We will study algorithmic, statistical, and information theoretic tools to understand the fundamentals of data science. Some of the questions we will ask are:
  • How much data do you need? Sample complexity
  • How much time to you need? Computational complexity
  • How much storage do you need? Streaming and space complexity
  • Is the data safe with you? Privacy
  • Can you tolerate noise in the data? Robustness
  • Can you handle distributed data? Communication complexity
Tentative list of topics:
  • Distance between distributions: total variation, kl-divergence, chi-square, etc. Concentration inequalities.

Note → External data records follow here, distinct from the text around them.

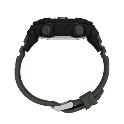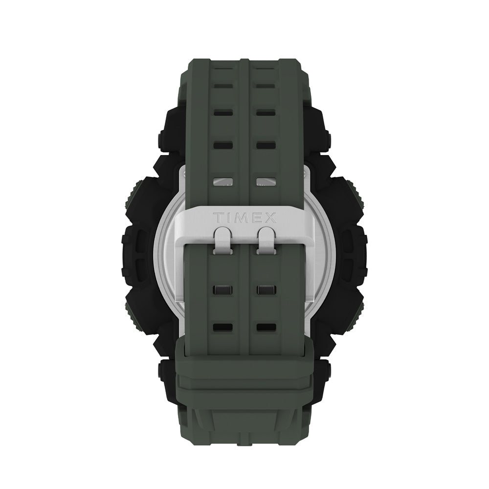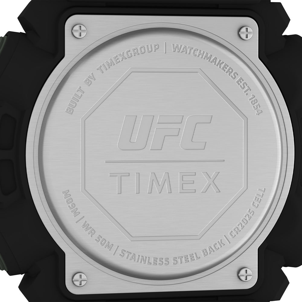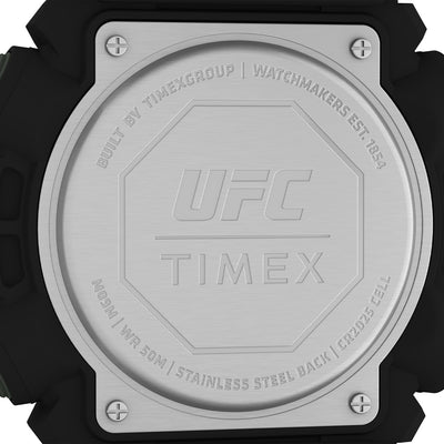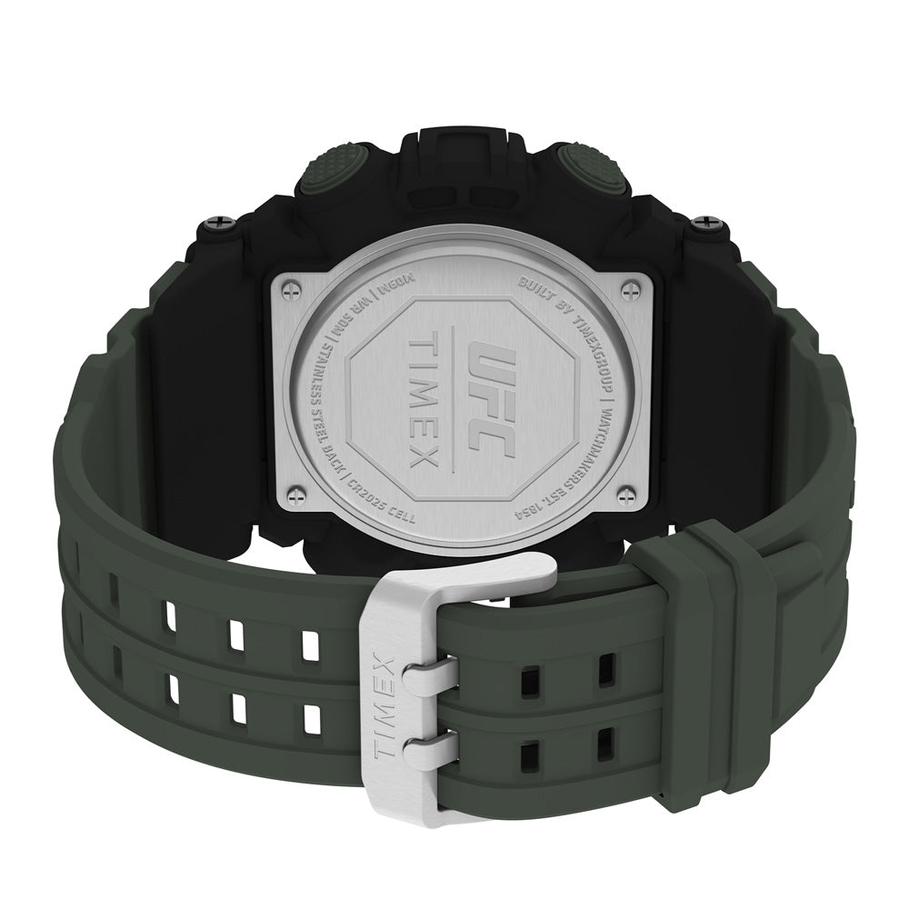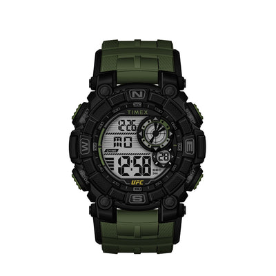 Deceivingly lightweight despite its hardy exterior, the iconic five-button design of the TIMEX UFC Redemption gives you direct access to a 100-hour chronograph, 24-hour countdown timer, military time, dual time zones, alarm, and our revolutionary INDIGLO® backlight. It?s sealed for water resistance up to 50m and equipped with a compass bezel and military-green molded resin straps for lasting durability. The textured tactile design of its pushers and substantial black 50mm case profile are immensely practical features if you?re in the middle of training?simply reach down, feel for the pusher, and finish the challenge without interruption.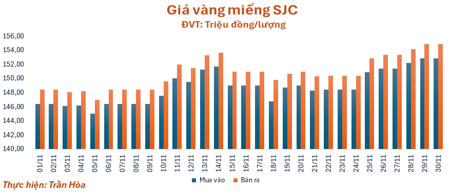Tính đến ngày cuối cùng tháng 11, giá vàng miếng SJC đã tăng 6,5 triệu đồng/lượng ở cả chiều mua và chiều bán so với giá đóng cửa phiên đầu tháng, niêm yết ở mốc 152,9 – 154,9 triệu đồng/lượng. Với mức giá này đã xô đổ mọi kỷ lục trước đó, vượt qua mốc đỉnh cũ 154,6 triệu đồng vào ngày 21/10.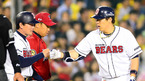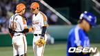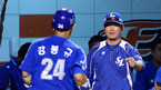 [OSEN=대전 ,백승철 기자] 29일 오후 대전 한밭구장에서 열린 '2012 팔도 프로야구' 한화 이글스와 삼성 라이온즈의 경기 5회초 무사 2,3루 조동찬의 1타점 적시타에 홈을 밟은 가옹규가 덕아웃으로 향하면서 류중일 감독과 하이파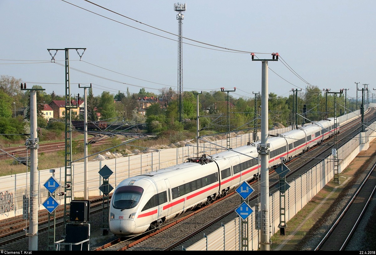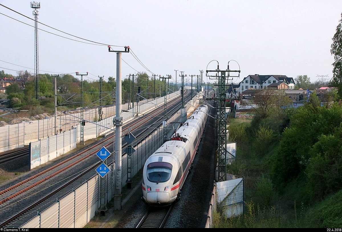 Auf Abwegen: 411 569 (Tz 1169) als unbekannter ICE fährt in Halle-Ammendorf abweichend auf der Bahnstrecke Halle–Bebra (KBS 580) und zweigt nicht auf die Neubaustrecke Erfurt–Leipzig/Halle (KBS 580) ab. Aufgenommen von der Brücke Hohe Straße. [22.4.2018 | 17:58 Uhr]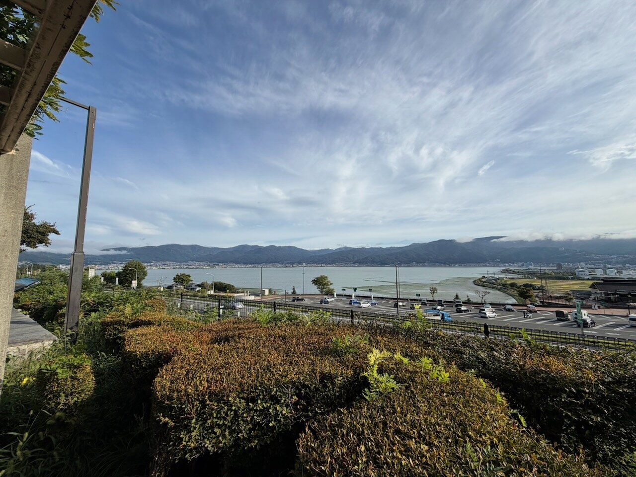 対岸の山々の稜線が曇りなく見え、まさにこれぞ諏訪湖の眺望といった感。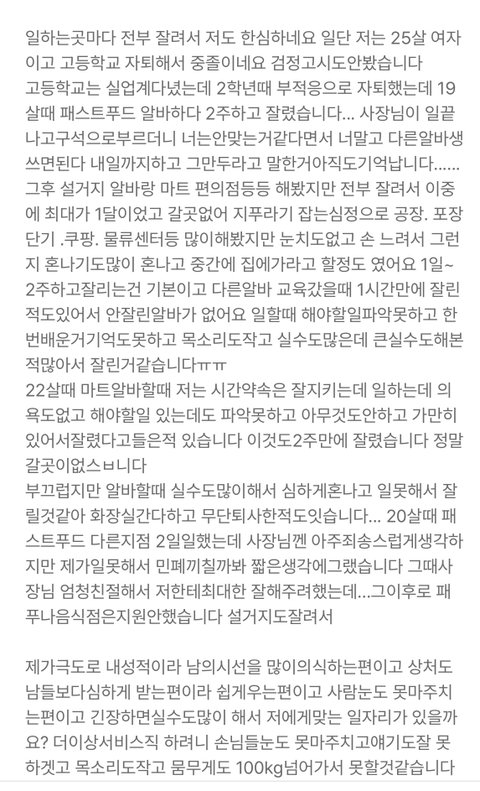 근데 좀 안타깝네 ;; 몸 쓰는 알바도 최소한의 일머리는 필요한데 그것마저도 없으면 ㄹㅇ 할 일이 없어

  • Learning discrete distributions
  • Minimax-setting and sample complexity
  • Information theory basics
  • Data compression and learning
  • Fano's Inequality and LeCam's method
  • Gaussian mixtures, metric entropy and covering numbers
  • Little data over ginormous domains and their applications
  • Small sample hypothesis testing
  • Good-Turing probability estimation, missing mass
  • Robustness of statistical algorithms, Huber contamination model, Tukey median
  • Streaming algorithms, memory vs sample complexity
  • Distributed machine learning problems, communication vs sample complexity
  • Privacy and machine learning - samples vs privacy
  • Estimating discrete distribution properties, e.g., entropy estimation, etc.
First few lectures will include preliminaries such as concentration inequalities, and basic information theory.

Follow the Code of academic integrity. Collaboration is allowed in the assignments, copying is not. Acknowledge the discussions and other sources used. Assignments should be submitted before the deadline.